■ What is needed: Every line of the listing below from the one with "Paraformaldehyde-fixed, paraffin embedded" up to and including the one with "JMA-225 实拍 秋冬季法式撞色圆领小香风丝绒短款长袖外套+高腰长款半身裙" should be retyped exactly, and nothing else; pictures are not part of the copy.

##### Given data

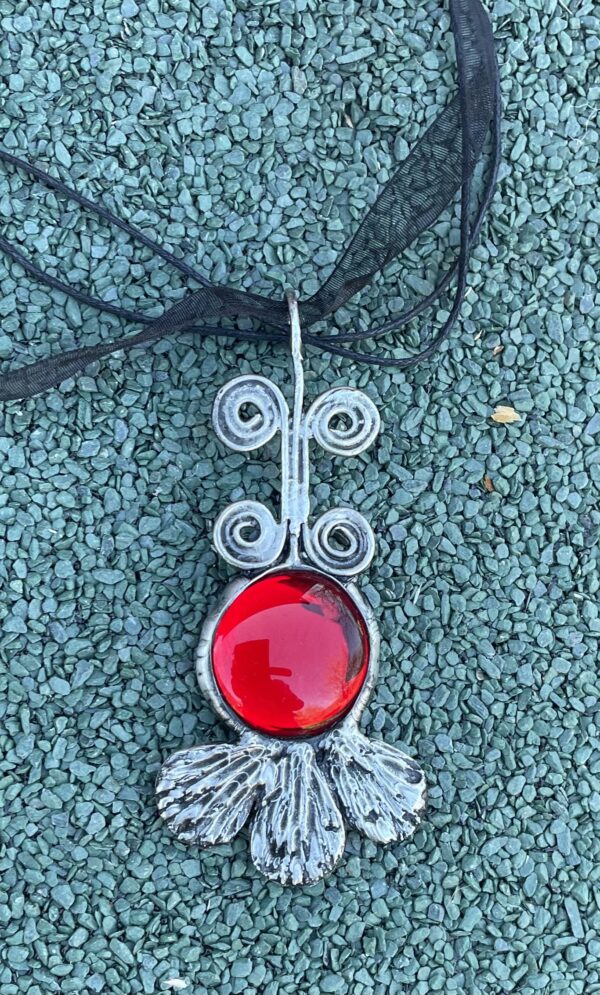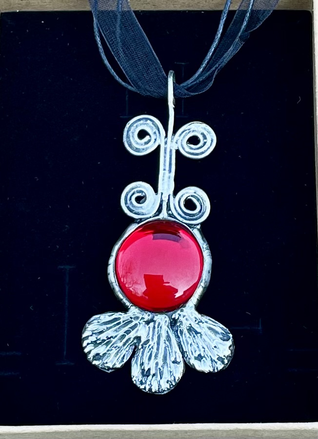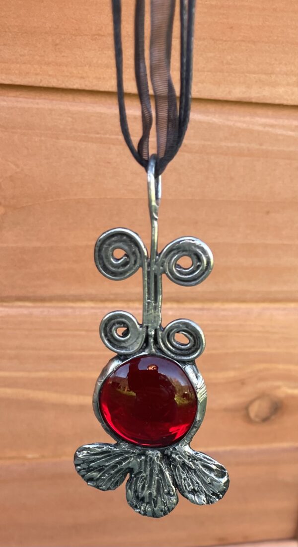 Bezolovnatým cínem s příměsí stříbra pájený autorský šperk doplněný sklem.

##########
##### Given data

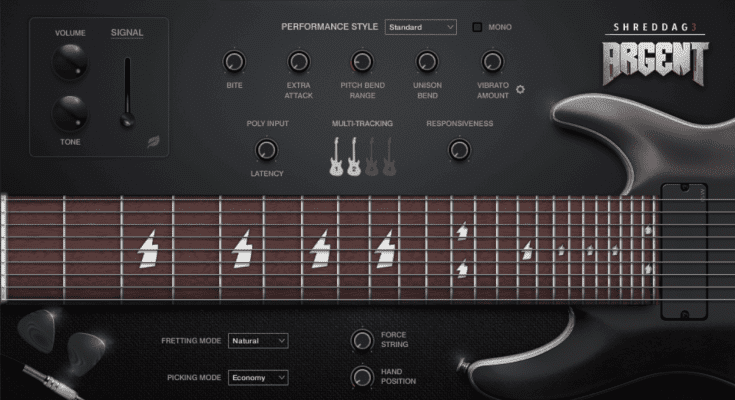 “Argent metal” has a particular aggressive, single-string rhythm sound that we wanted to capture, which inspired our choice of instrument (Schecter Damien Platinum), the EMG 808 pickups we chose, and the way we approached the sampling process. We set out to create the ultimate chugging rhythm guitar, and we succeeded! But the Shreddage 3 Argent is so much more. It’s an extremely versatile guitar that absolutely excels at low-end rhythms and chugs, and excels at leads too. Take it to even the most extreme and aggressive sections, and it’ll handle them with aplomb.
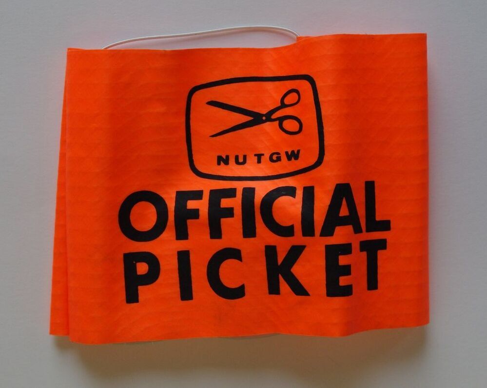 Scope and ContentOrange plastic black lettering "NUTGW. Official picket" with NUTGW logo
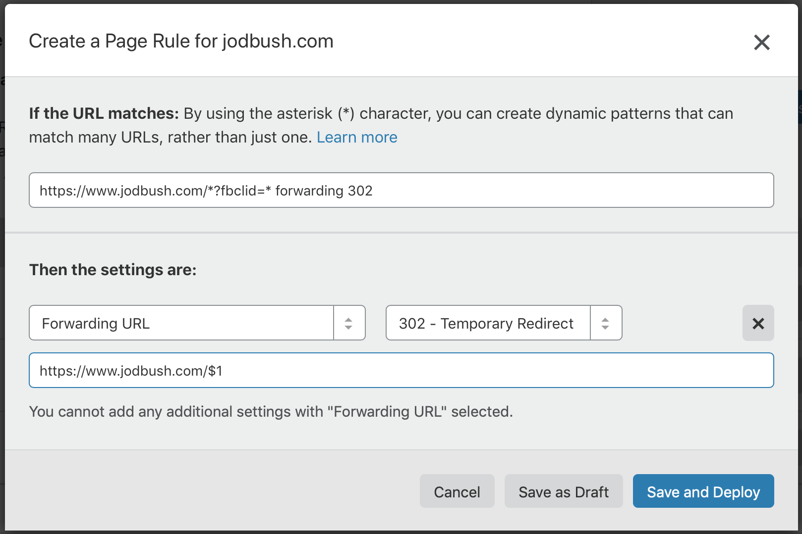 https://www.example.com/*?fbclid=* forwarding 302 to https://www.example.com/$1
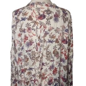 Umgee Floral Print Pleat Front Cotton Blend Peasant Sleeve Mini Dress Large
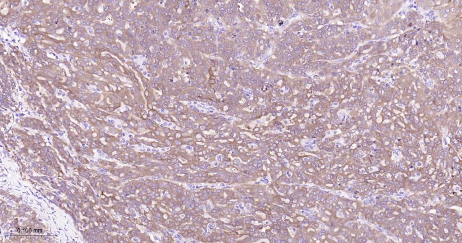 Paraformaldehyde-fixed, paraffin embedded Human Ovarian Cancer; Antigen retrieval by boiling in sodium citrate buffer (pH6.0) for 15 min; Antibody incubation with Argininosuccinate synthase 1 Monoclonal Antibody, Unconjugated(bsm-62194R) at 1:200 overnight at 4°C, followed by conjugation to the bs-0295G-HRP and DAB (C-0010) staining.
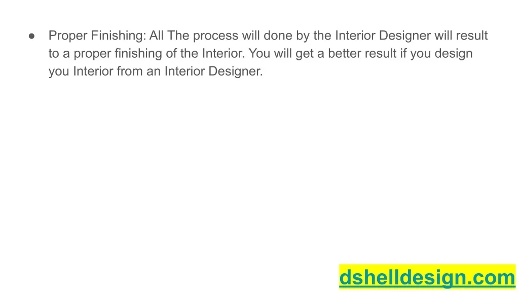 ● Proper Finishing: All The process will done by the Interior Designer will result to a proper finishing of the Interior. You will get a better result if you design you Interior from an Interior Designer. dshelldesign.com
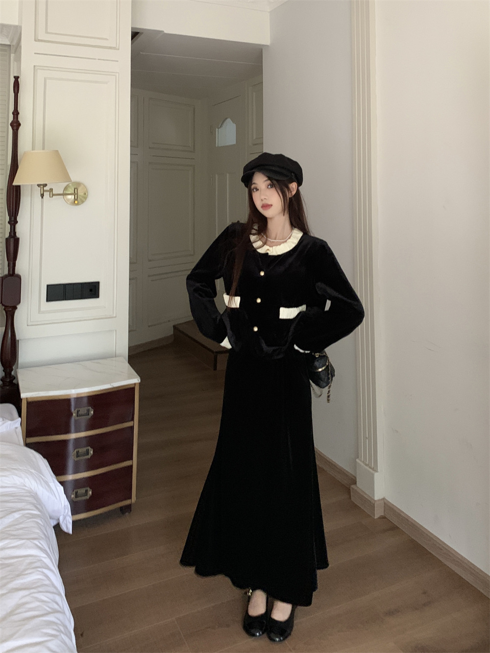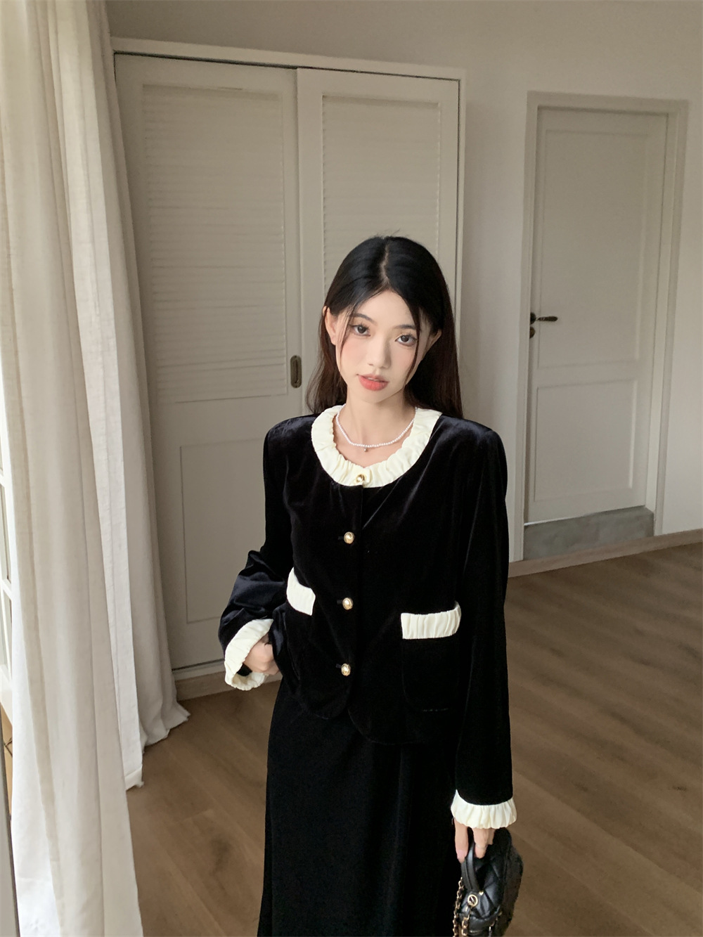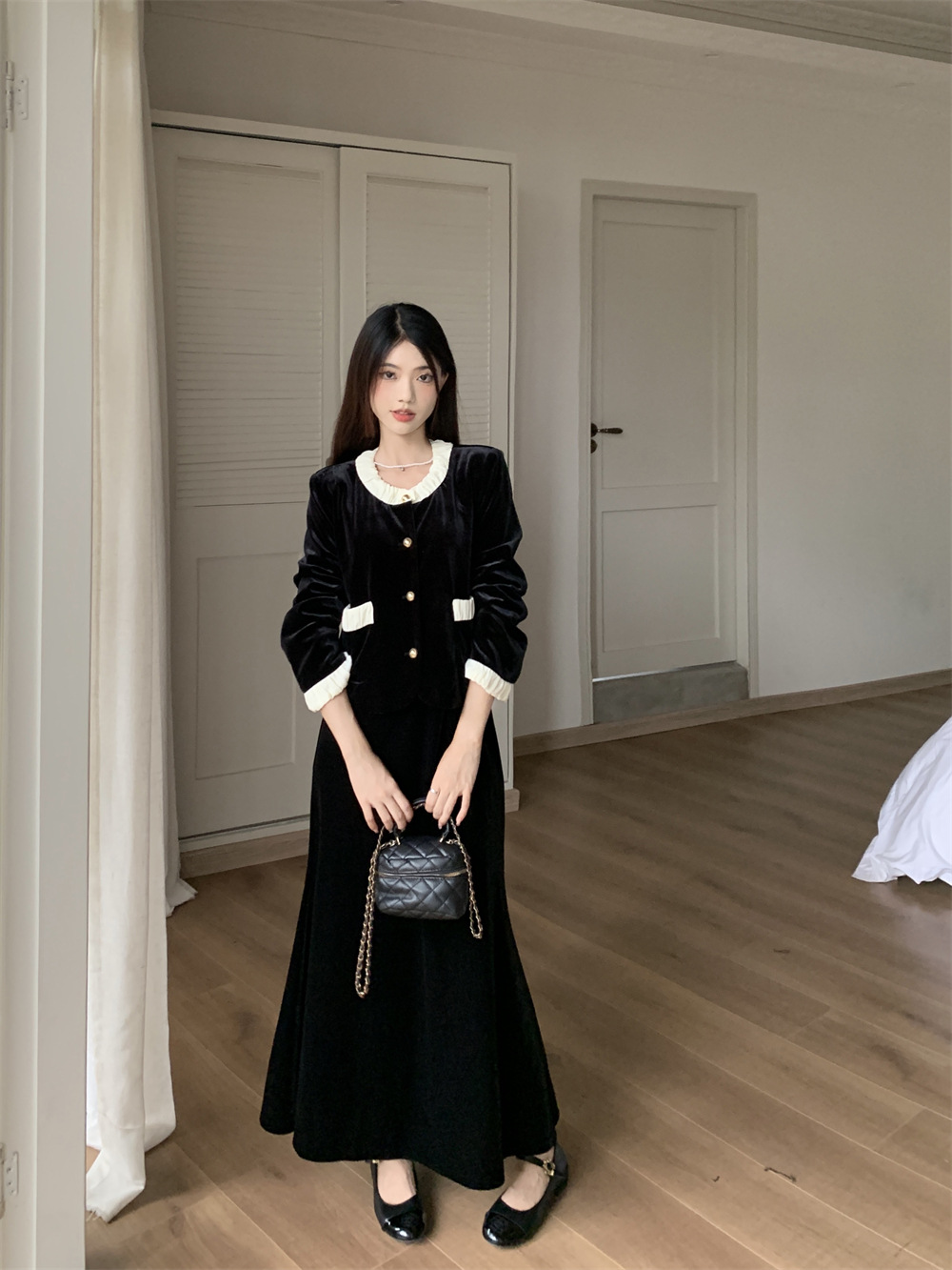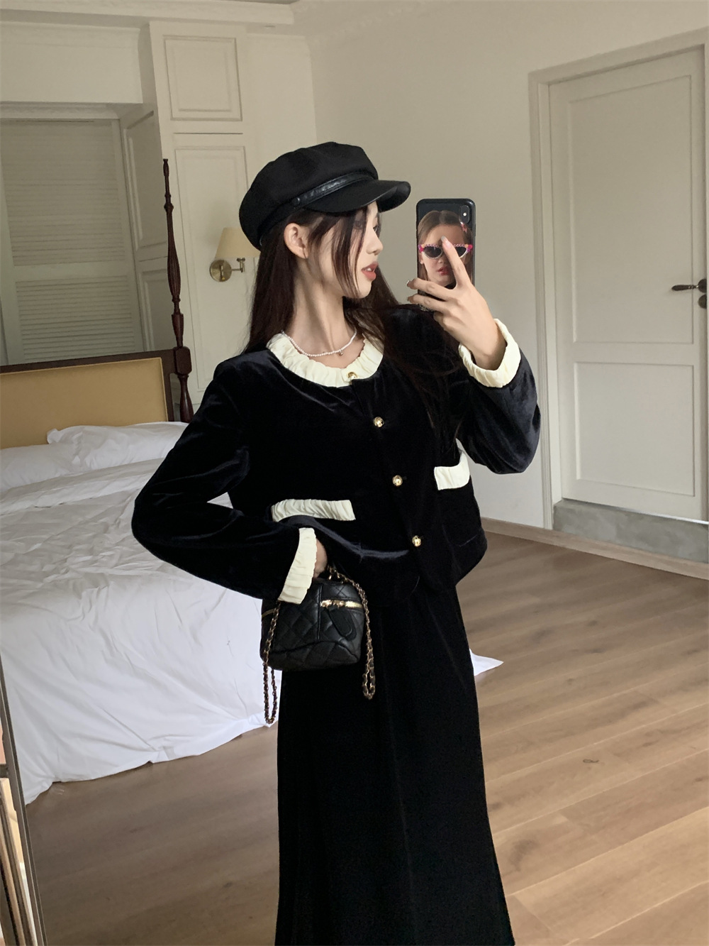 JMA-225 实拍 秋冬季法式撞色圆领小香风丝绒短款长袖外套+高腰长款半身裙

##########

■ Written answer:
 Paraformaldehyde-fixed, paraffin embedded Human Ovarian Cancer; Antigen retrieval by boiling in sodium citrate buffer (pH6.0) for 15 min; Antibody incubation with Argininosuccinate synthase 1 Monoclonal Antibody, Unconjugated(bsm-62194R) at 1:200 overnight at 4°C, followed by conjugation to the bs-0295G-HRP and DAB (C-0010) staining.
 ● Proper Finishing: All The process will done by the Interior Designer will result to a proper finishing of the Interior. You will get a better result if you design you Interior from an Interior Designer. dshelldesign.com
 JMA-225 实拍 秋冬季法式撞色圆领小香风丝绒短款长袖外套+高腰长款半身裙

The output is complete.